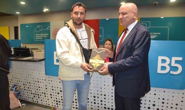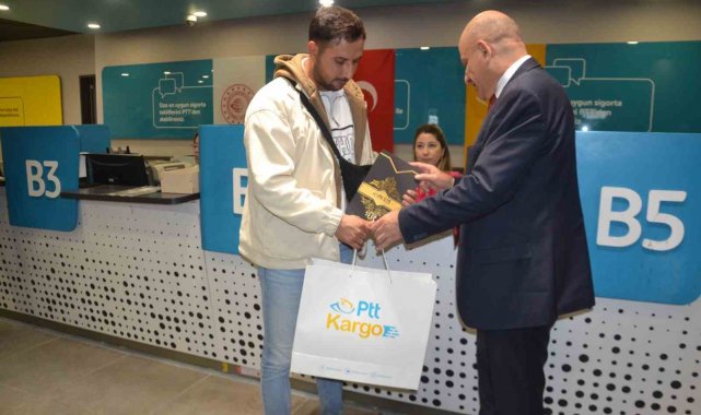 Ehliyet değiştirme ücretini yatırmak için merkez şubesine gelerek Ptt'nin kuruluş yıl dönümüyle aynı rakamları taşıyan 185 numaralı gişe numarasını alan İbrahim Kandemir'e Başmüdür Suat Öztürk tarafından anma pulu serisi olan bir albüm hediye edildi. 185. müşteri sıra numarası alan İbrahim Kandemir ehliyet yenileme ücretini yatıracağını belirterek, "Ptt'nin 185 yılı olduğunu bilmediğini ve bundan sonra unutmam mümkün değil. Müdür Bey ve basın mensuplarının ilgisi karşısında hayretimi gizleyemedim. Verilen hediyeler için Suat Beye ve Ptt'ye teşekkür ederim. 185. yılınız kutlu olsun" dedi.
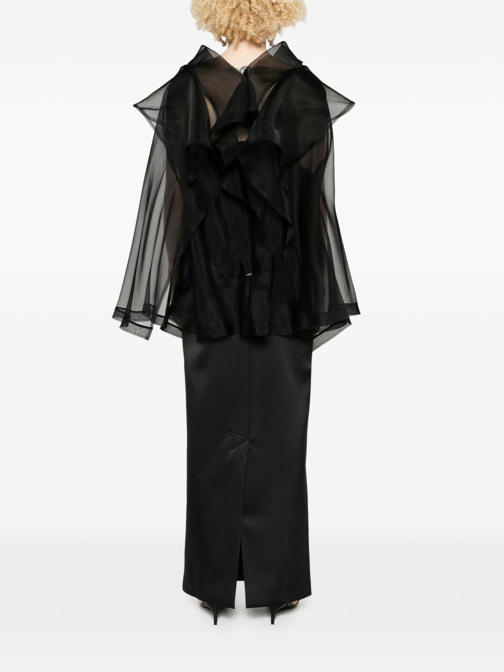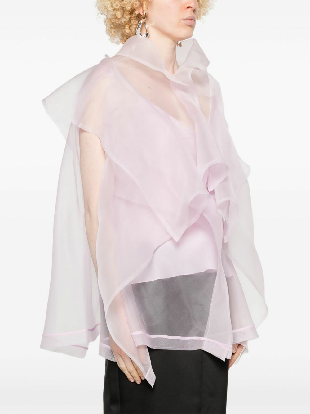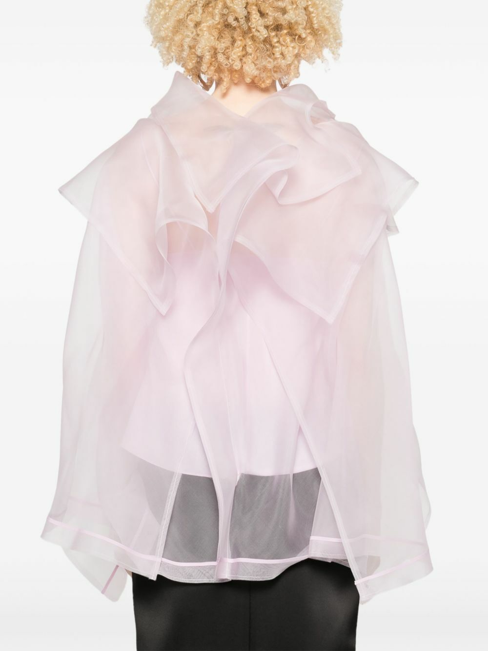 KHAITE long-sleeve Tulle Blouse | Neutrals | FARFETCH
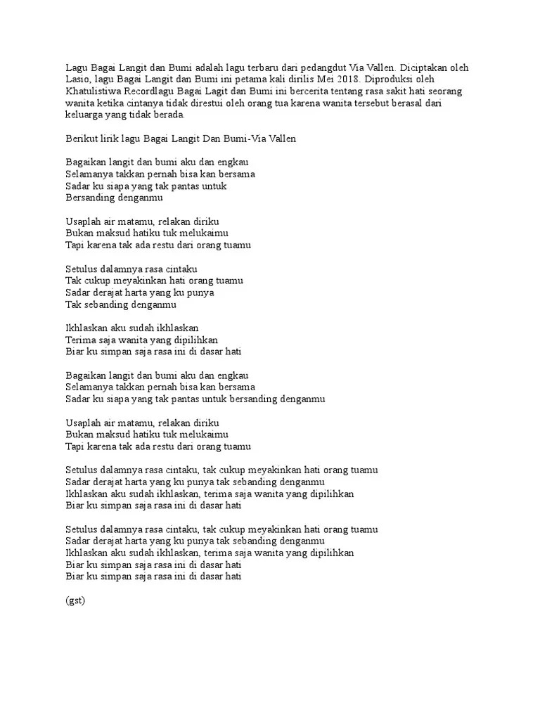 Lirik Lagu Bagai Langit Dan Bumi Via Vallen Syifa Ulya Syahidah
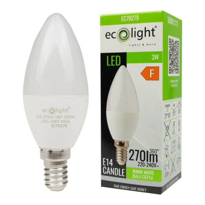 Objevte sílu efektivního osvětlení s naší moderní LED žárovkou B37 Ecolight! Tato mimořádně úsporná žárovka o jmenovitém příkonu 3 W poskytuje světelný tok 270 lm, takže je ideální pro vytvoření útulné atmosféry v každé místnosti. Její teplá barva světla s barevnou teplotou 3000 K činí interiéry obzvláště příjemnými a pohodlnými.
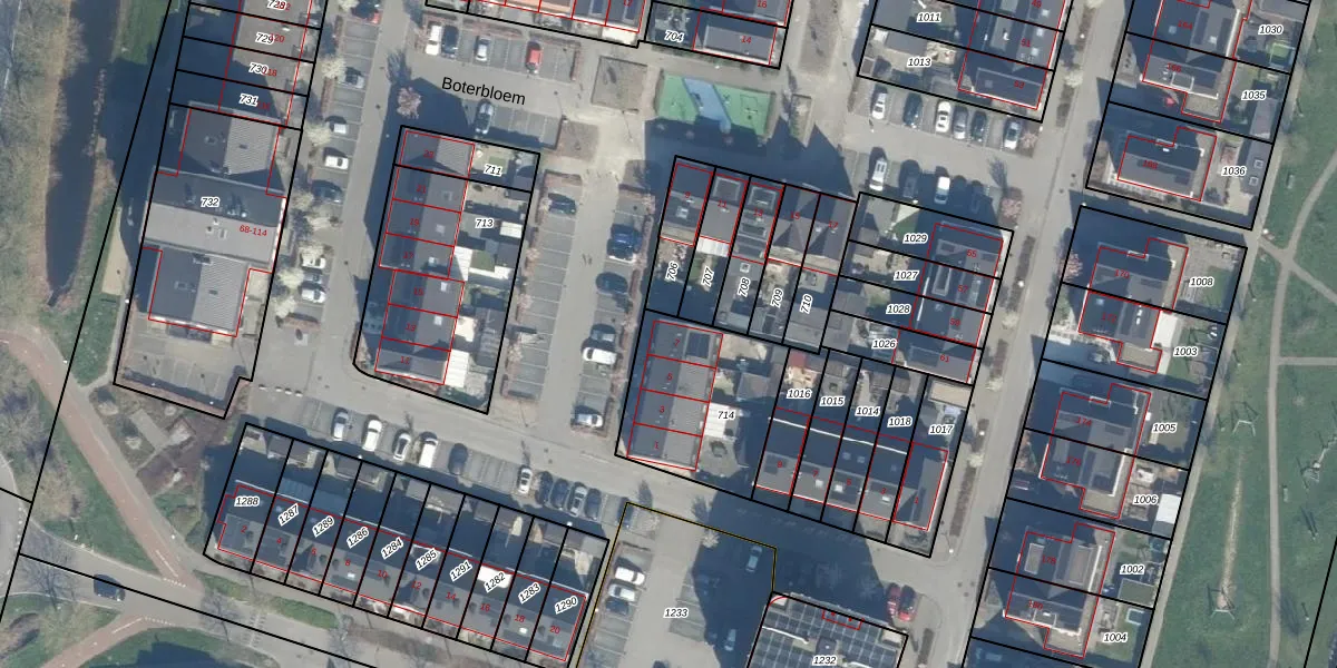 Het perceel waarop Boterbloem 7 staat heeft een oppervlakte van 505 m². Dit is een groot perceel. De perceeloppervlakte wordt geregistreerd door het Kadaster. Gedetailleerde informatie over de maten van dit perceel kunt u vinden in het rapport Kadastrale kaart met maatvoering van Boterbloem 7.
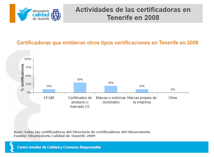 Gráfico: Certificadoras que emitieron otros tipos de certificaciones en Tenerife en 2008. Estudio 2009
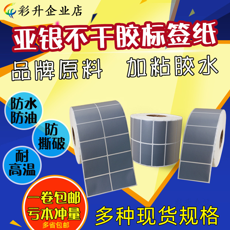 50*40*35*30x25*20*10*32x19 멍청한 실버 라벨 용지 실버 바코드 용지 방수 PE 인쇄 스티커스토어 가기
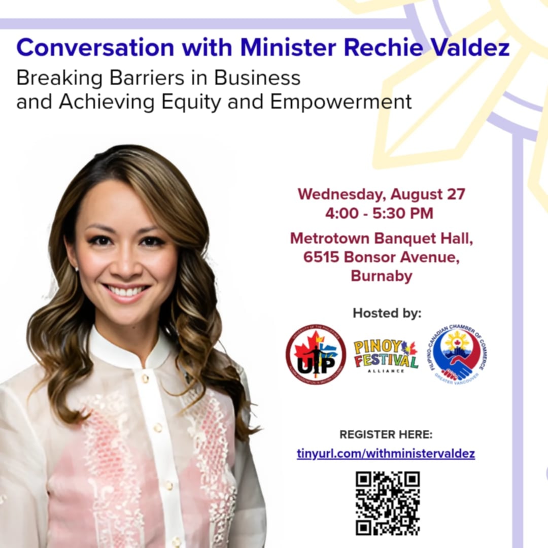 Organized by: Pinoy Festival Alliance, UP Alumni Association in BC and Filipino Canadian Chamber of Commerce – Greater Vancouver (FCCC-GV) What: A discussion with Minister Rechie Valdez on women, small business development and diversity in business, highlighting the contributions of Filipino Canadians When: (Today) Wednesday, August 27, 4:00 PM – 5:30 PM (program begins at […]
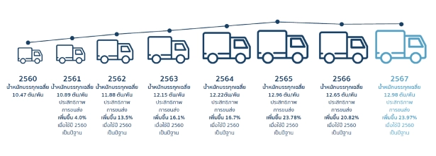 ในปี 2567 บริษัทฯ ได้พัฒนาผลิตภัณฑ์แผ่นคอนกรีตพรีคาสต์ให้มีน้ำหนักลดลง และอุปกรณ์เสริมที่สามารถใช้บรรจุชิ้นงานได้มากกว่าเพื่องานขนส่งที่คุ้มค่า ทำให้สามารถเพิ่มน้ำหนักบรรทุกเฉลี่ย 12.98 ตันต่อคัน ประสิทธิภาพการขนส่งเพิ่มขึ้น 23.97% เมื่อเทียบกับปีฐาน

☆ ☆ ☆

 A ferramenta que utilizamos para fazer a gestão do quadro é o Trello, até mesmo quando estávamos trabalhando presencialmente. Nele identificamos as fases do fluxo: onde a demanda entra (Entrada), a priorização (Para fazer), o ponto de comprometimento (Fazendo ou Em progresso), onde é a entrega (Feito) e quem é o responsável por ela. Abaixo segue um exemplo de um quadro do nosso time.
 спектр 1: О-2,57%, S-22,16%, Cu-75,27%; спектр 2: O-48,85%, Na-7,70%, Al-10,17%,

☆ ☆ ☆

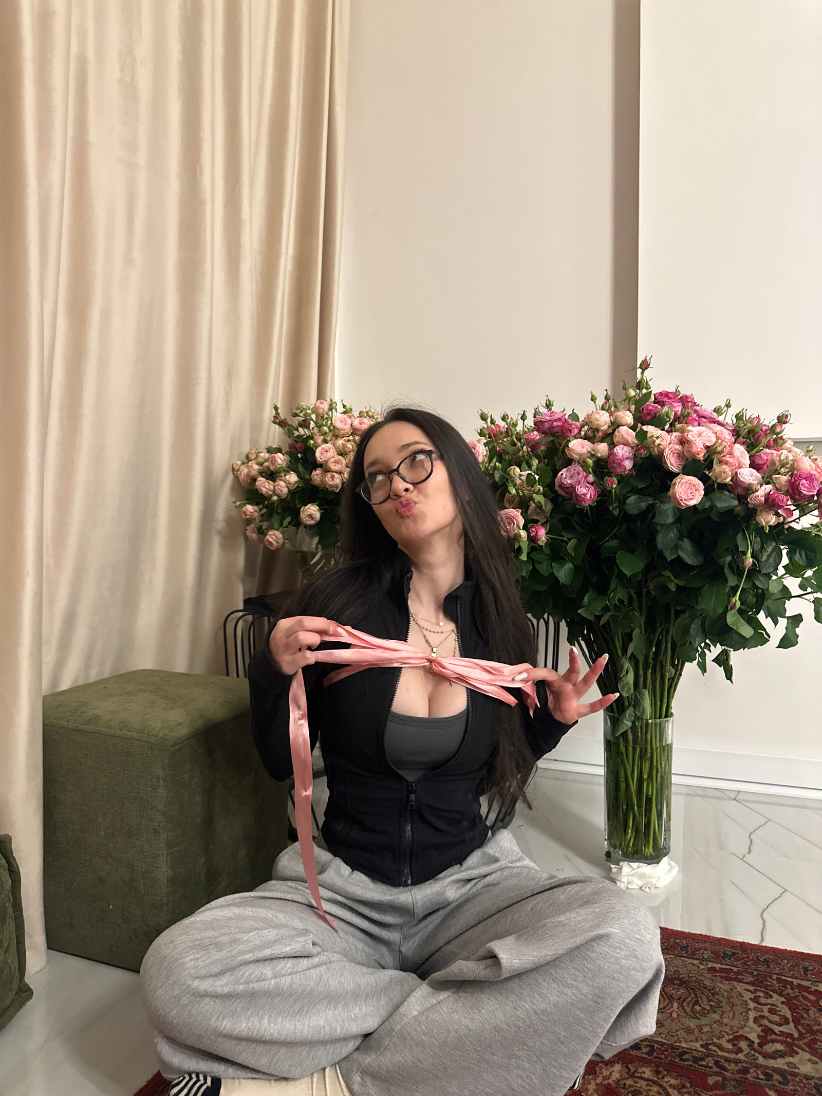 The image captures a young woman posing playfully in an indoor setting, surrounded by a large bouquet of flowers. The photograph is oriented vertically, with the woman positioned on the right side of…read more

☆ ☆ ☆

## EXERCISE REQUIREMENTS
Could the stretch from the line with "Het perceel waarop" through the line with "ในปี 2567 บริษัทฯ" in the listing above be restated word for word, minus the pictures?

## RESULT BELOW
 Het perceel waarop Boterbloem 7 staat heeft een oppervlakte van 505 m². Dit is een groot perceel. De perceeloppervlakte wordt geregistreerd door het Kadaster. Gedetailleerde informatie over de maten van dit perceel kunt u vinden in het rapport Kadastrale kaart met maatvoering van Boterbloem 7.
 Gráfico: Certificadoras que emitieron otros tipos de certificaciones en Tenerife en 2008. Estudio 2009
 50*40*35*30x25*20*10*32x19 멍청한 실버 라벨 용지 실버 바코드 용지 방수 PE 인쇄 스티커스토어 가기
 Organized by: Pinoy Festival Alliance, UP Alumni Association in BC and Filipino Canadian Chamber of Commerce – Greater Vancouver (FCCC-GV) What: A discussion with Minister Rechie Valdez on women, small business development and diversity in business, highlighting the contributions of Filipino Canadians When: (Today) Wednesday, August 27, 4:00 PM – 5:30 PM (program begins at […]
 ในปี 2567 บริษัทฯ ได้พัฒนาผลิตภัณฑ์แผ่นคอนกรีตพรีคาสต์ให้มีน้ำหนักลดลง และอุปกรณ์เสริมที่สามารถใช้บรรจุชิ้นงานได้มากกว่าเพื่องานขนส่งที่คุ้มค่า ทำให้สามารถเพิ่มน้ำหนักบรรทุกเฉลี่ย 12.98 ตันต่อคัน ประสิทธิภาพการขนส่งเพิ่มขึ้น 23.97% เมื่อเทียบกับปีฐาน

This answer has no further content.